Au cours des quatre dernières semaines, nous avons testé 47 de ces médicaments et composés en laboratoire contre des coronavirus vivants. Je suis heureux d’annoncer que nous avons identifié des pistes de traitement solides et mis en évidence deux mécanismes distincts pour la façon dont ces médicaments affectent l’infection par le SRAS-CoV-2. Nos conclusions ont été publiées le 30 avril dans la revue Nature.
Le processus de test
La carte que nous avons élaborée et le catalogue de médicaments de la FDA que nous avons consulté ont montré qu’il existait des interactions potentielles entre le virus, les cellules humaines et les médicaments ou composés existants. Mais nous ne savions pas si les médicaments que nous avons identifiés rendraient une personne plus résistante au virus, plus susceptible ou feraient quoi que ce soit.

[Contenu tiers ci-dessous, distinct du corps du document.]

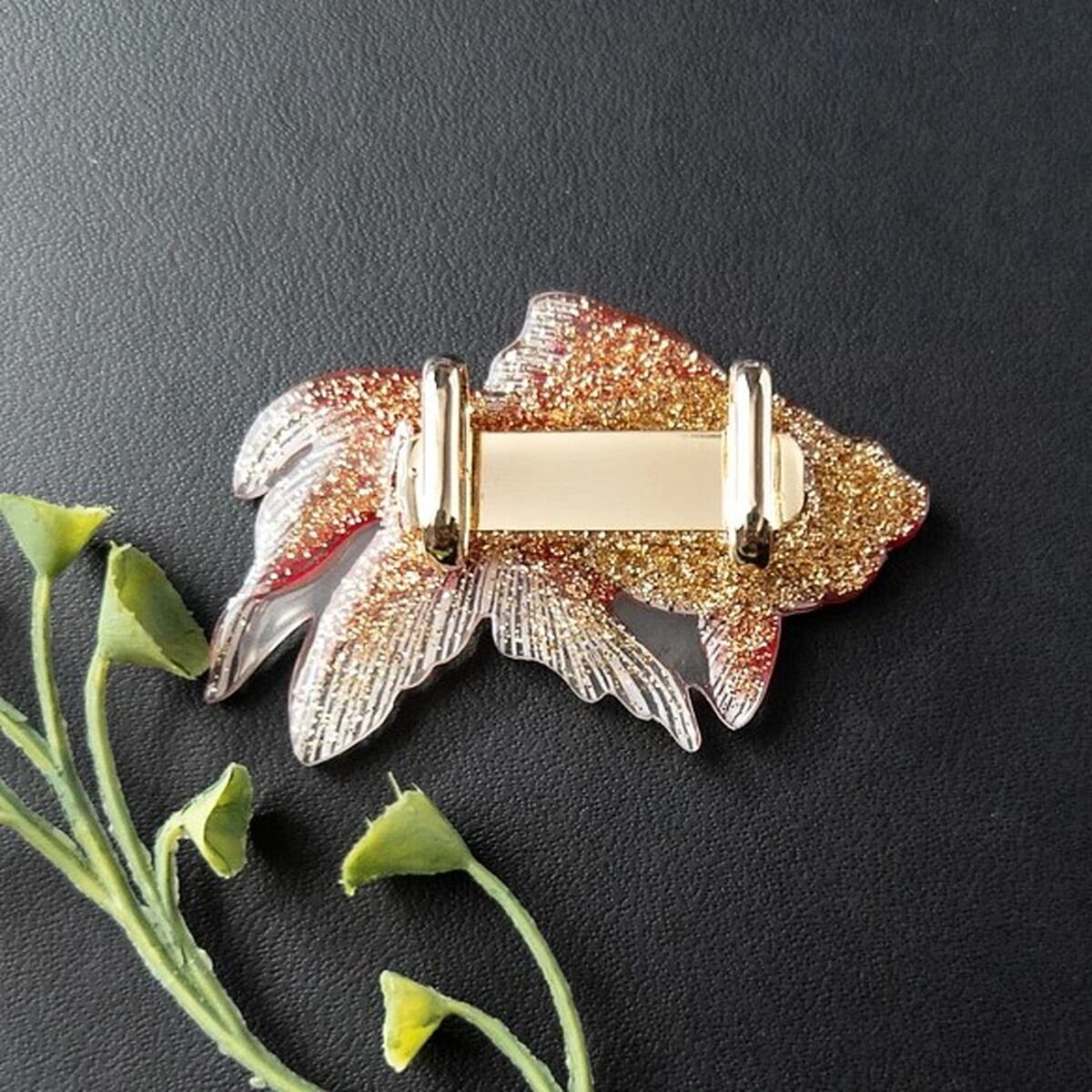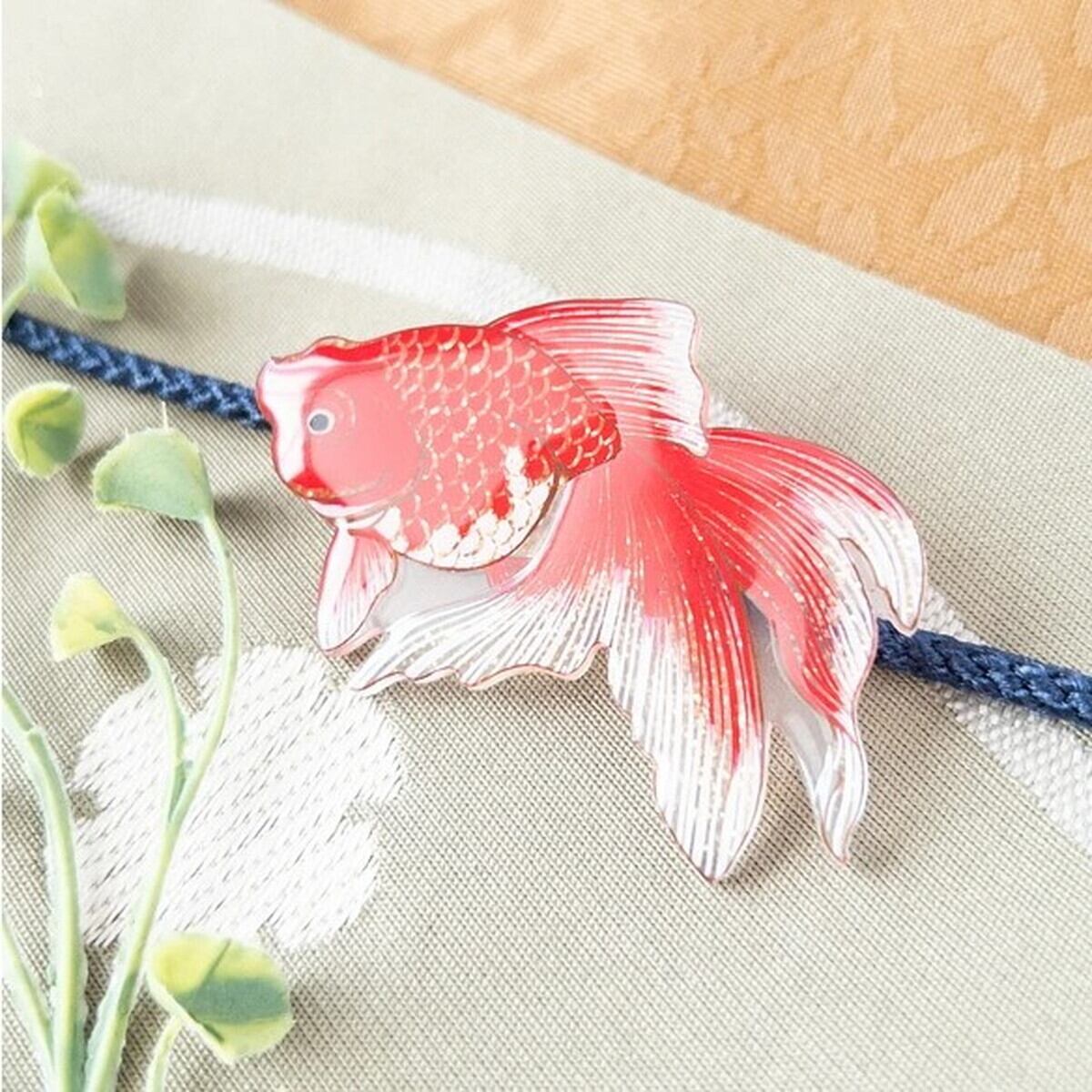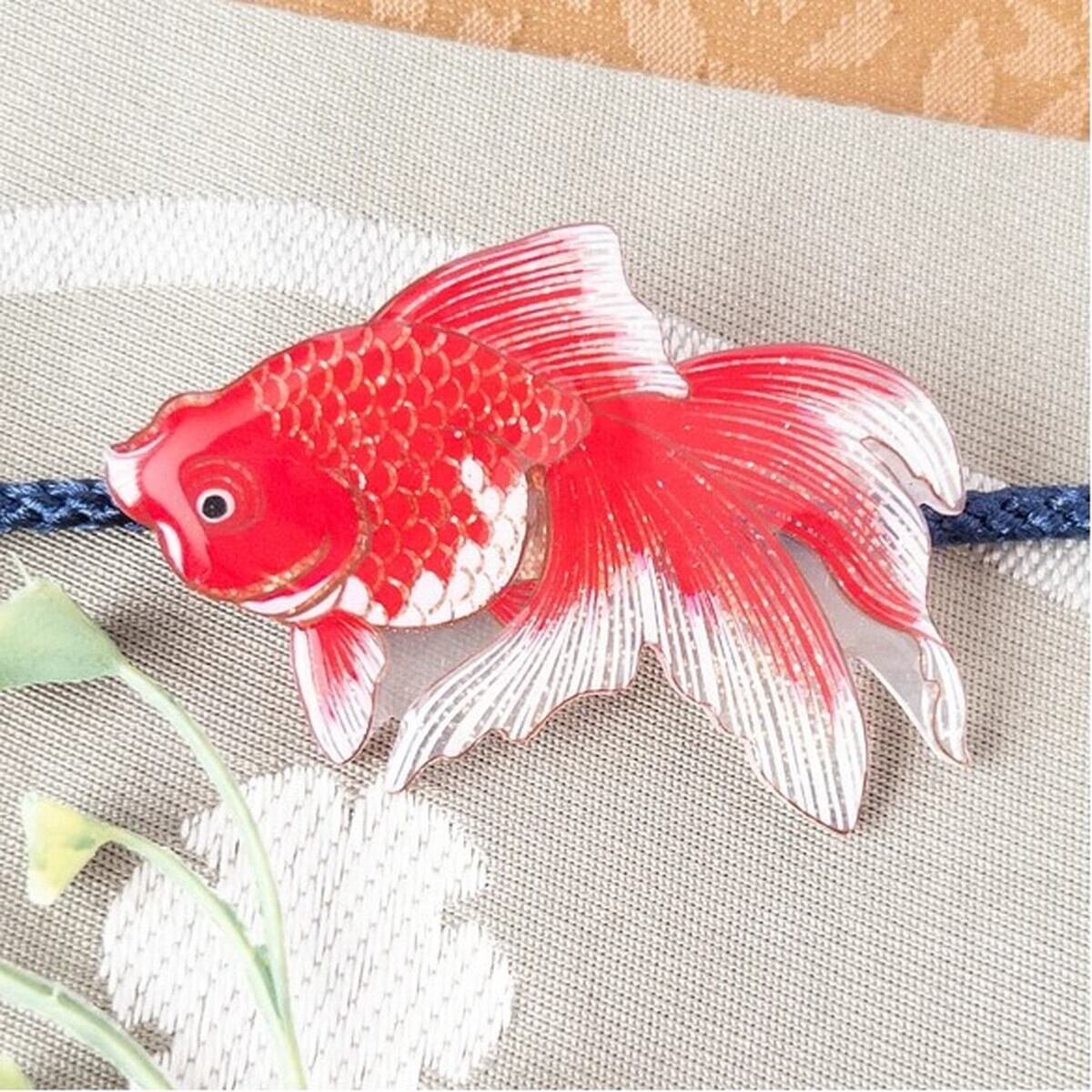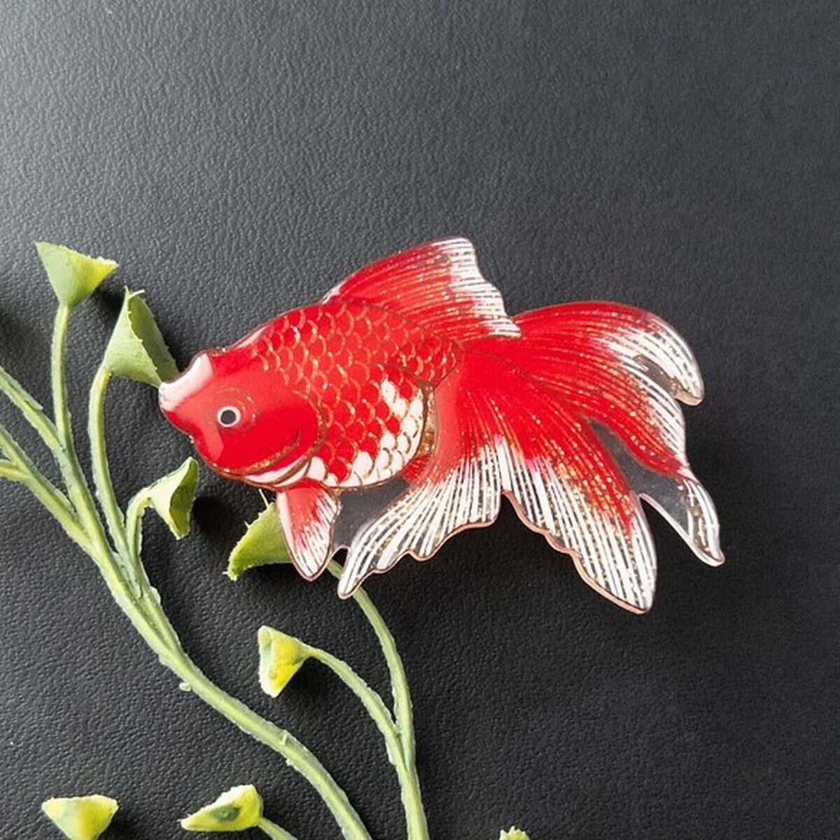 「金魚 琉金 帯留め」 金魚 琉金 帯留め ピアス イヤリング 海の生き物 魚 アクセサリー レディース 可愛い カラフル 日本製 ナチュラル プチギフト ギフト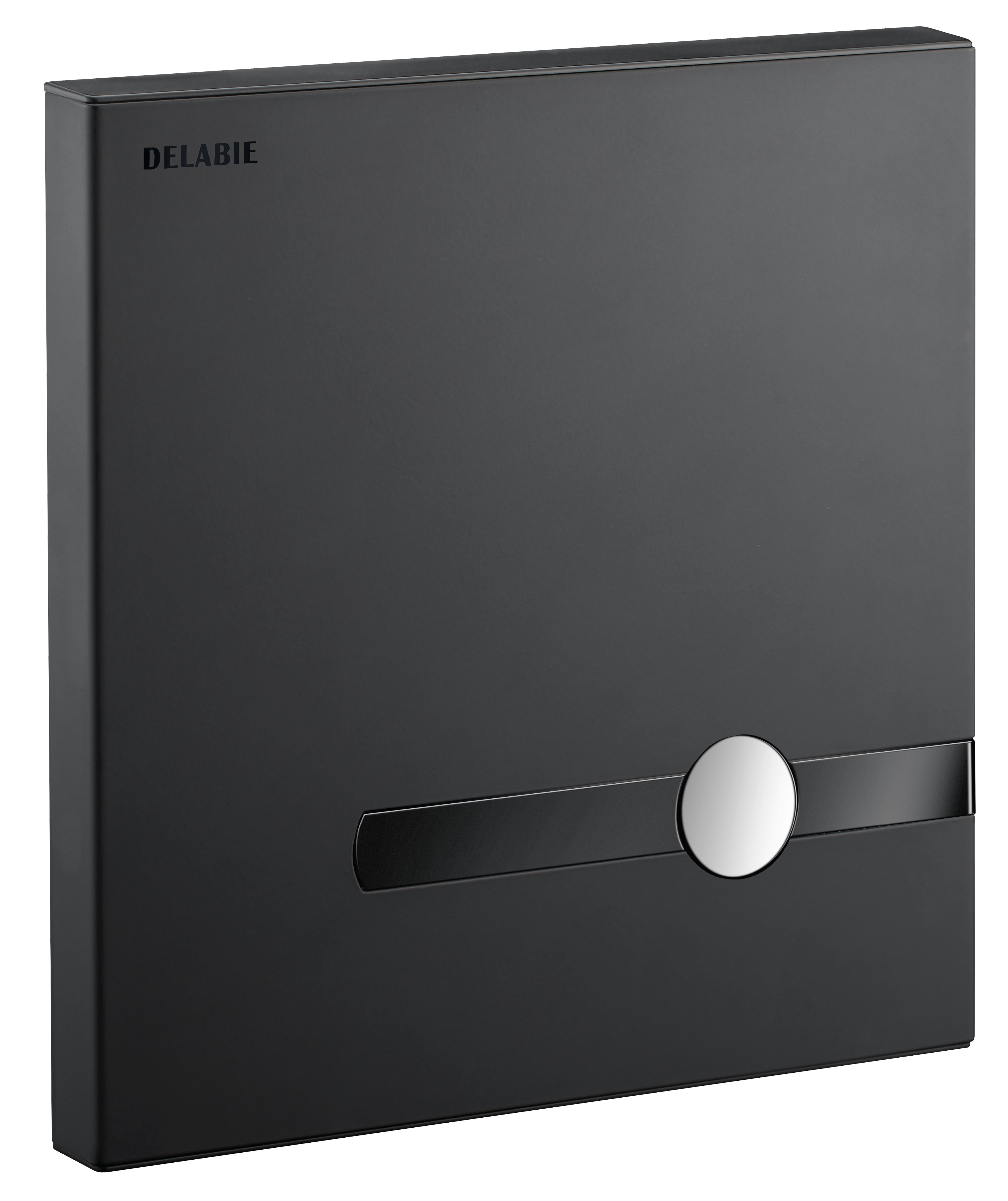 Matte black stainless steel wall plate 186 x 186mm and chrome-plated metal button, with integrated electronics.

Pour trouver ces réponses, nous avions besoin de trois choses : les médicaments, le virus vivant et les cellules dans lesquelles les tester. Il serait optimal de tester les médicaments dans des cellules humaines infectées. Cependant, les scientifiques ne savent pas encore quelles cellules humaines fonctionnent le mieux pour étudier le coronavirus en laboratoire. Nous avons donc utilisé des cellules de singe vert africain, qui sont fréquemment utilisées à la place des cellules humaines pour tester les médicaments antiviraux. Elles peuvent être facilement infectées par le coronavirus et réagissent aux médicaments de manière très proche de celle des cellules humaines.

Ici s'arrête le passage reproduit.